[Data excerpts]
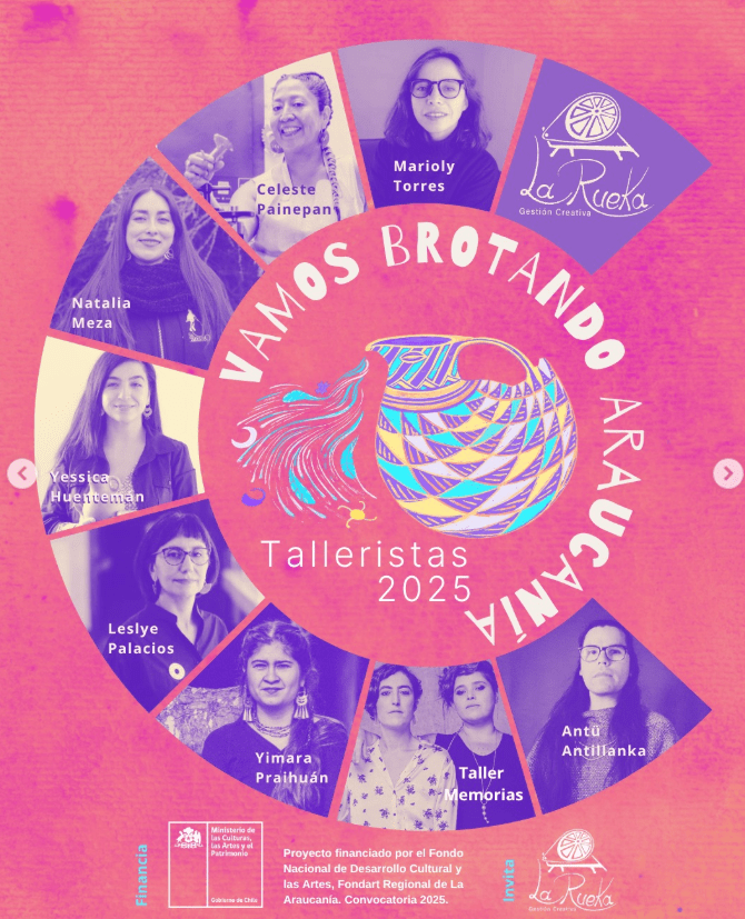 Vamos Brotando Araucanía 2025 es una apuesta por fortalecer el trabajo de las mujeres artesanas del sur de Chile, entregando herramientas de autogestión, visibilización y creación colaborativa. El proyecto es posible gracias al financiamiento del Fondo Nacional de Desarrollo Cultural y las Artes, Fondart Regional de La Araucanía, convocatoria 2025.
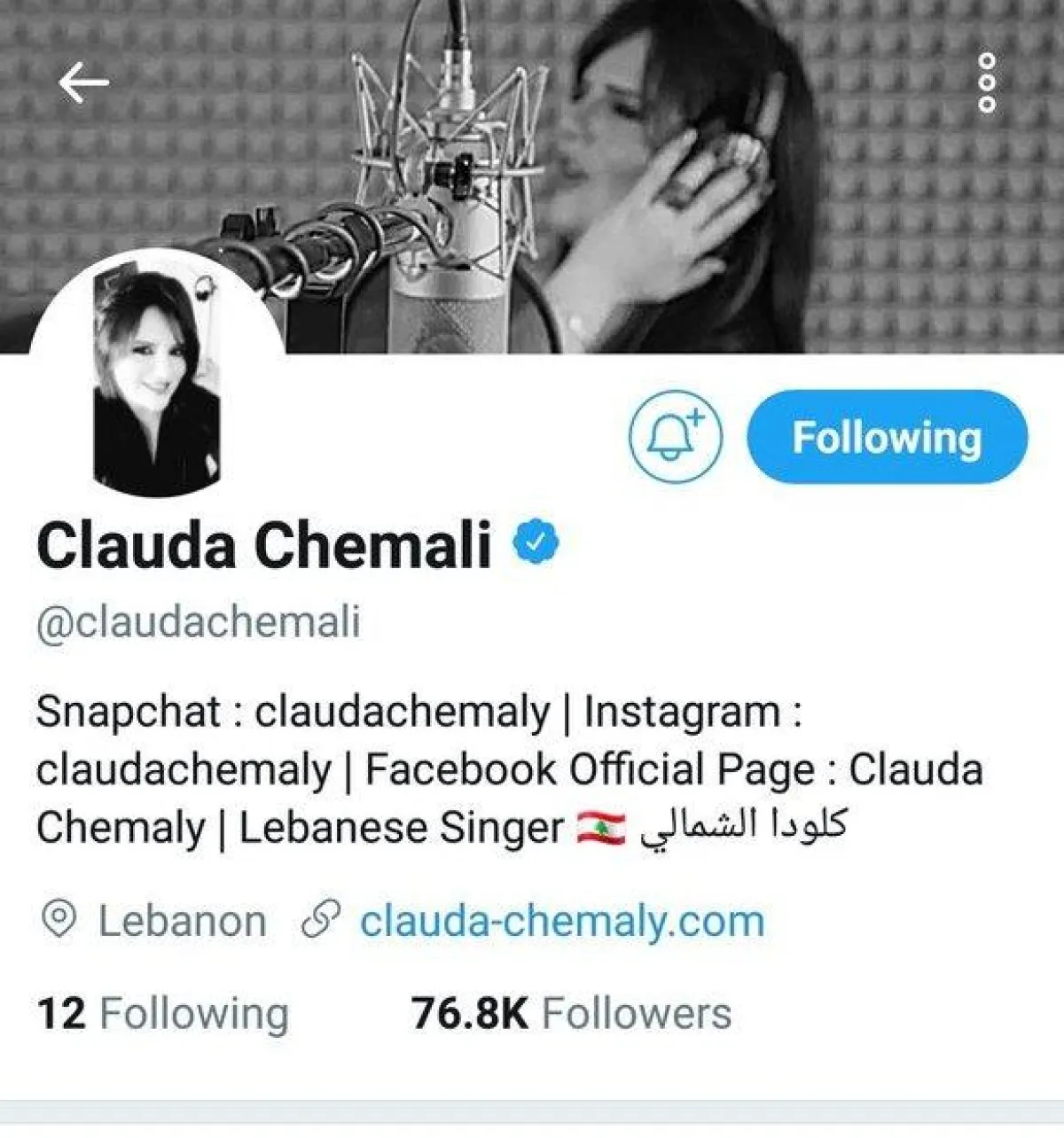 -الفنانة كلودا شمالي كانت من أكثر الخاسرين على تويتر، إذ انخفض عدد متابعيها من ٢٧٨ ألف إلى ٧٣ ألف متابع.
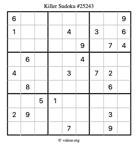 Here is our printable Killer Sudoku Puzzle #25243. You are welcome to print a copy for yourself and solve it the old-fashioned way with a pencil and an eraser!
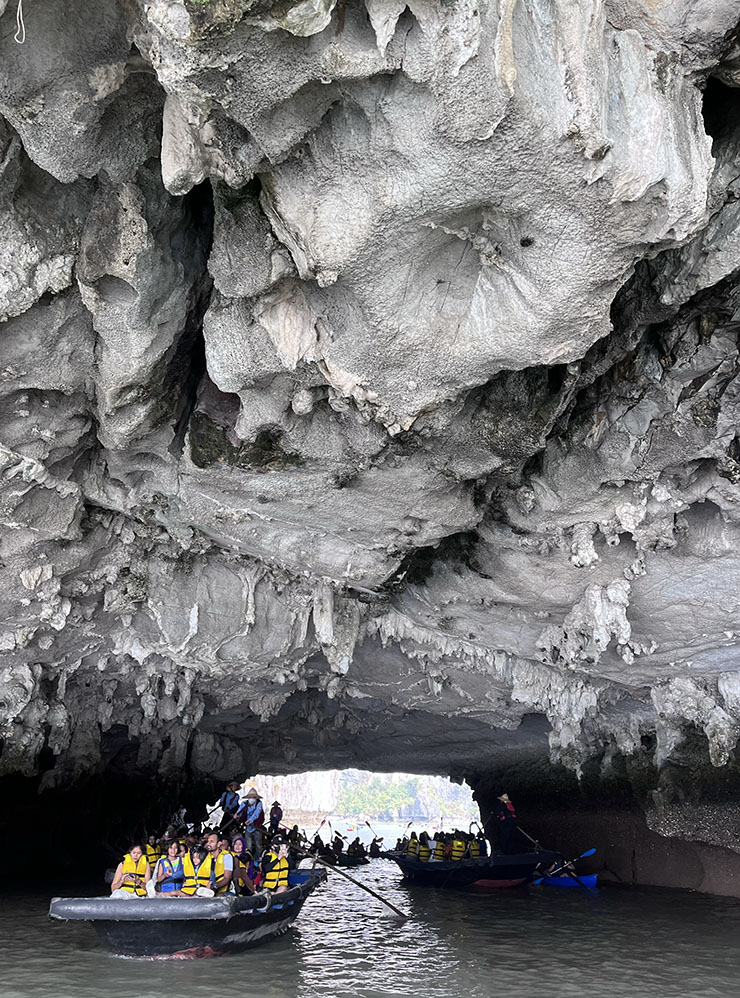 Например, в апреле 2025 года я забронировала тур в бухту Халонг через Klook. Однодневная экскурсия стоила 1 115 000 VND (3 445 ₽) на человека. Из Ханоя нас забрал автобус и довез до бухты, где нашу команду ожидала комфортабельная яхта с готовым обедом. Позже мы отправились исследовать пещеры, кататься на лодке по узкому ущелью и смотреть остров Германа Титова. Еще нам показали жемчужную ферму, рассказали, как выращивают жемчуг и как отличить настоящий от искусственного.
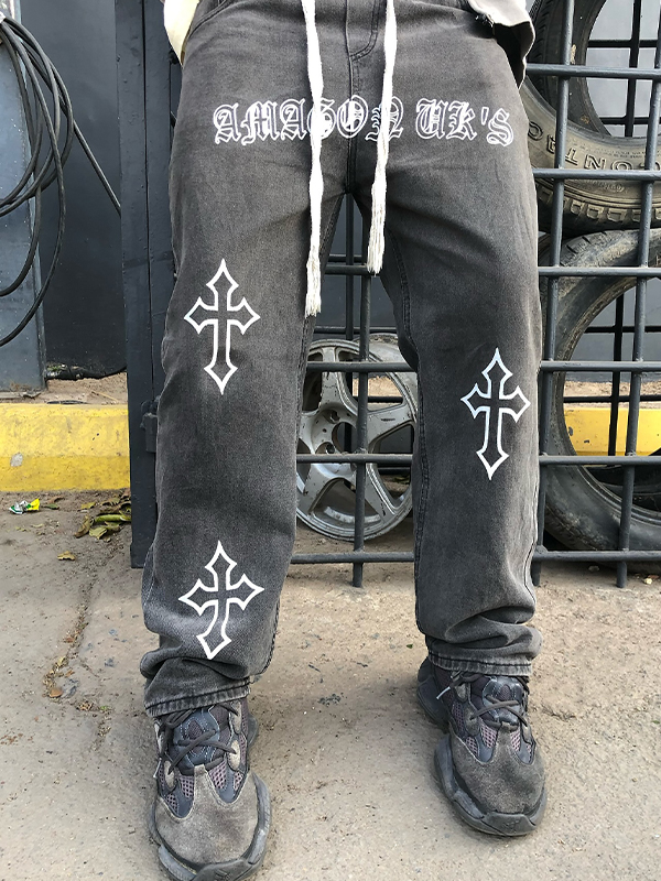 Lockere Jeans mit Kreuz-Print für Herren
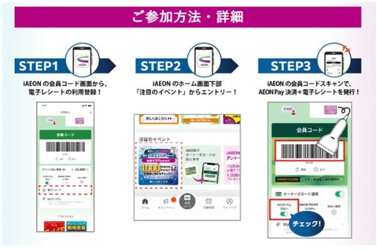 応募方法:1.iAEONの「会員コード画面」から電子レシートの利用登録。
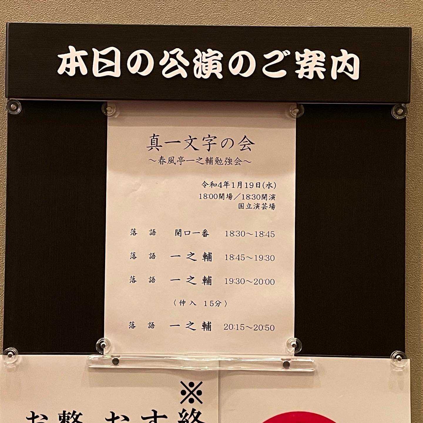 本日は一之輔さんの落語を聴きに国立演芸場に参上!2席目の「うどん屋」は<< 2021年11月15日「2021落語一之輔三昼夜 再び」第1夜@よみうり大手町ホール>>で「ネタおろし」した演目。「ネタおろし」の前に小三治師匠の高座で研究されたようだ。最近の高座では「うどん屋」をよく演るらしく、小三治さんの芸から解き放たれて、熟成されていた。今日のうどんの具材にはコーン🌽が入っている積りだったそうだ。笑🤣 次回の「うどん屋」のうどんの具材には「おかひじき」を入れる構想。ちなみに、1月15日の上野鈴本 二之席 ヒルでやった「うどん屋」のうどんの具材はかまぼこが一切れ、ほうれん草が少し入ったうどんを美味しく頂いたとのこと。お汁がちょっと辛め。「抜け雀」は随分前に志ん朝さんの噺を聴いたが、サゲを「親にかご(駕籠、篭)をかかせた」から一之輔さん流に変化させて、サゲた。真一文字の会 2022/1/19(水) 18:30 開演@国立演芸場 (東京都)一. 開口一番「手紙無筆」春風亭貫いち一.「洒落番頭(庭蟹🦀)」春風亭一之輔一.「うどん屋」一之輔<仲入り>一.「抜け雀」一之輔
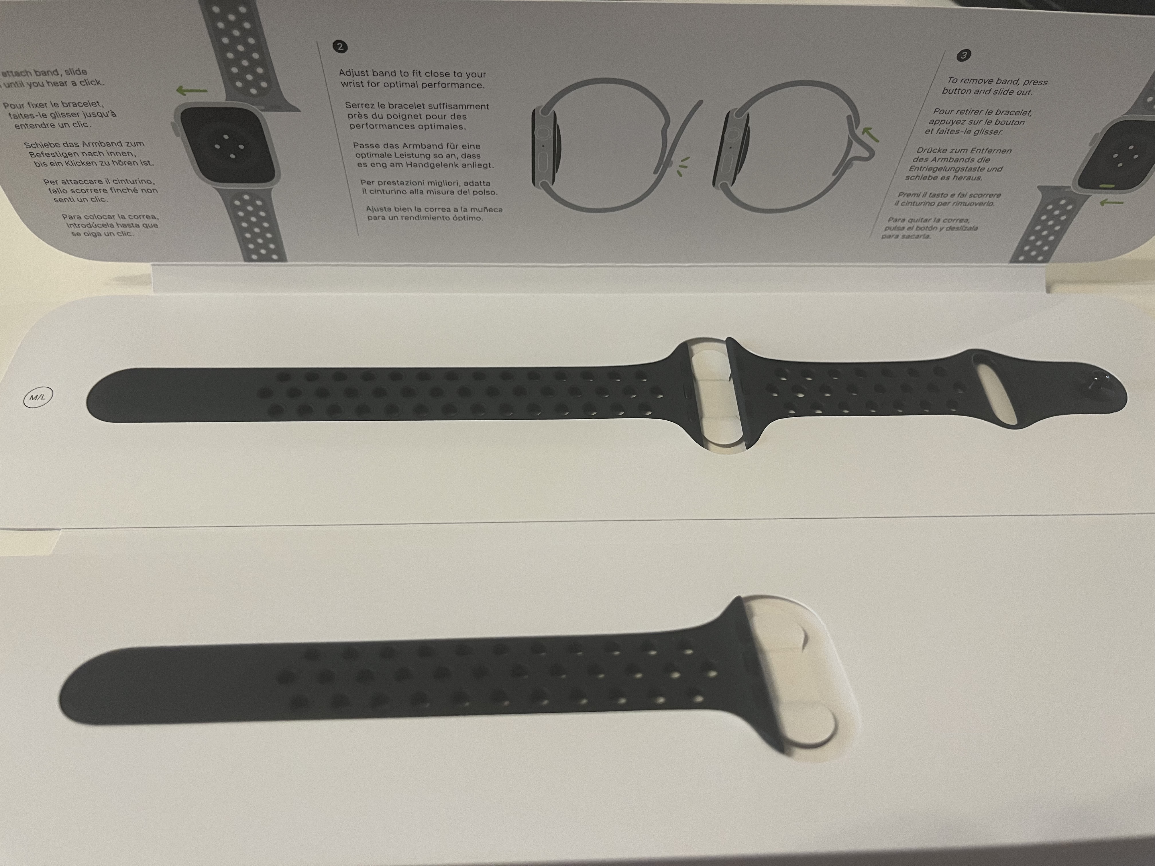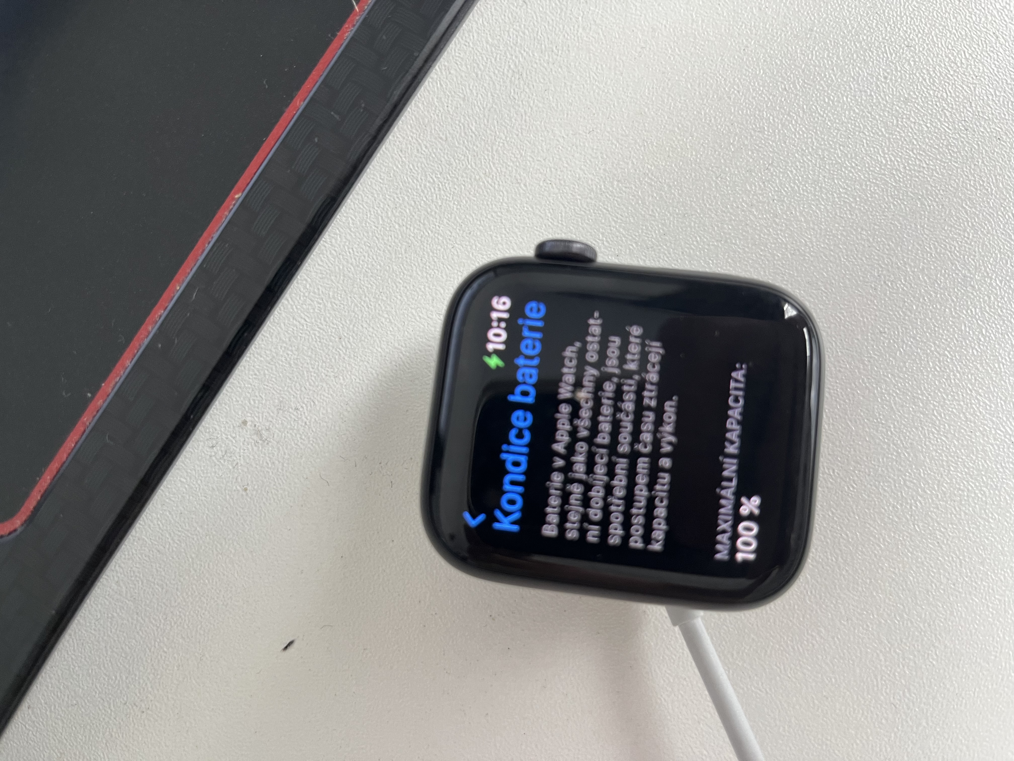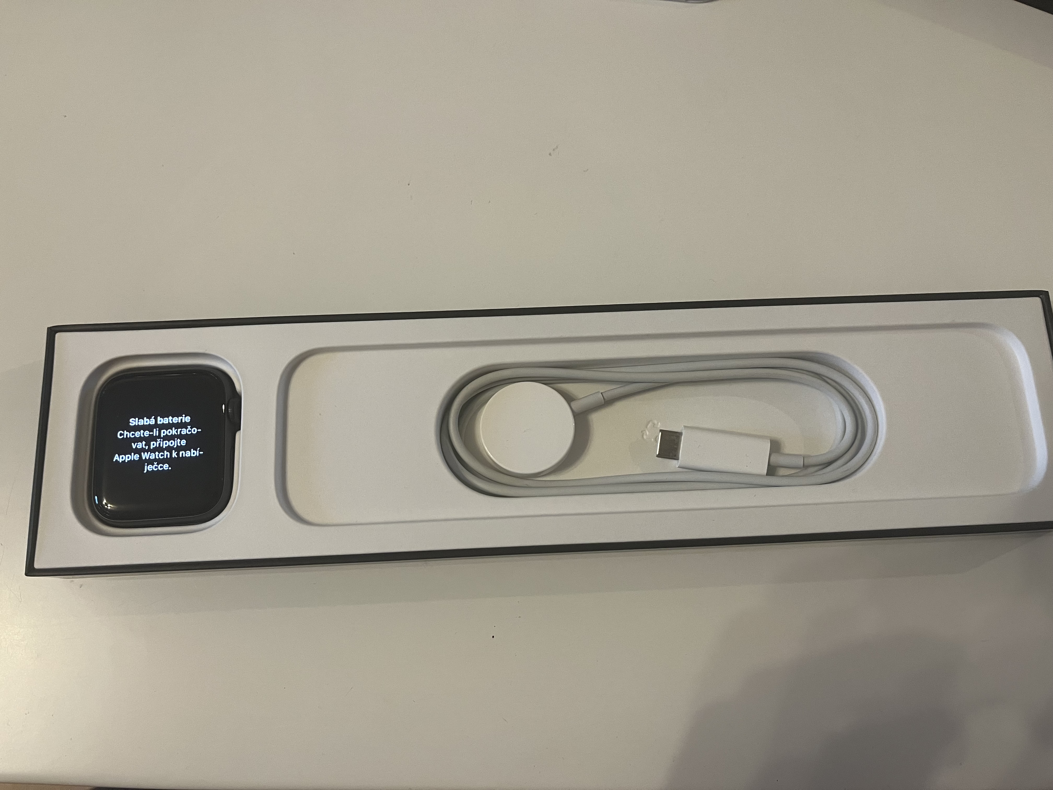 Apple Watch Nike SE 44mm Vesmírně šedý hliník s antracitovým/černým sportovním řemínkem Nike.

- Task to complete -
From the first line to the last, repeat the records above exactly, leaving out the pictures.

- Task solution -
 Vamos Brotando Araucanía 2025 es una apuesta por fortalecer el trabajo de las mujeres artesanas del sur de Chile, entregando herramientas de autogestión, visibilización y creación colaborativa. El proyecto es posible gracias al financiamiento del Fondo Nacional de Desarrollo Cultural y las Artes, Fondart Regional de La Araucanía, convocatoria 2025.
 -الفنانة كلودا شمالي كانت من أكثر الخاسرين على تويتر، إذ انخفض عدد متابعيها من ٢٧٨ ألف إلى ٧٣ ألف متابع.
 Here is our printable Killer Sudoku Puzzle #25243. You are welcome to print a copy for yourself and solve it the old-fashioned way with a pencil and an eraser!
 Например, в апреле 2025 года я забронировала тур в бухту Халонг через Klook. Однодневная экскурсия стоила 1 115 000 VND (3 445 ₽) на человека. Из Ханоя нас забрал автобус и довез до бухты, где нашу команду ожидала комфортабельная яхта с готовым обедом. Позже мы отправились исследовать пещеры, кататься на лодке по узкому ущелью и смотреть остров Германа Титова. Еще нам показали жемчужную ферму, рассказали, как выращивают жемчуг и как отличить настоящий от искусственного.
 Lockere Jeans mit Kreuz-Print für Herren
 応募方法:1.iAEONの「会員コード画面」から電子レシートの利用登録。
 本日は一之輔さんの落語を聴きに国立演芸場に参上!2席目の「うどん屋」は<< 2021年11月15日「2021落語一之輔三昼夜 再び」第1夜@よみうり大手町ホール>>で「ネタおろし」した演目。「ネタおろし」の前に小三治師匠の高座で研究されたようだ。最近の高座では「うどん屋」をよく演るらしく、小三治さんの芸から解き放たれて、熟成されていた。今日のうどんの具材にはコーン🌽が入っている積りだったそうだ。笑🤣 次回の「うどん屋」のうどんの具材には「おかひじき」を入れる構想。ちなみに、1月15日の上野鈴本 二之席 ヒルでやった「うどん屋」のうどんの具材はかまぼこが一切れ、ほうれん草が少し入ったうどんを美味しく頂いたとのこと。お汁がちょっと辛め。「抜け雀」は随分前に志ん朝さんの噺を聴いたが、サゲを「親にかご(駕籠、篭)をかかせた」から一之輔さん流に変化させて、サゲた。真一文字の会 2022/1/19(水) 18:30 開演@国立演芸場 (東京都)一. 開口一番「手紙無筆」春風亭貫いち一.「洒落番頭(庭蟹🦀)」春風亭一之輔一.「うどん屋」一之輔<仲入り>一.「抜け雀」一之輔
 Apple Watch Nike SE 44mm Vesmírně šedý hliník s antracitovým/černým sportovním řemínkem Nike.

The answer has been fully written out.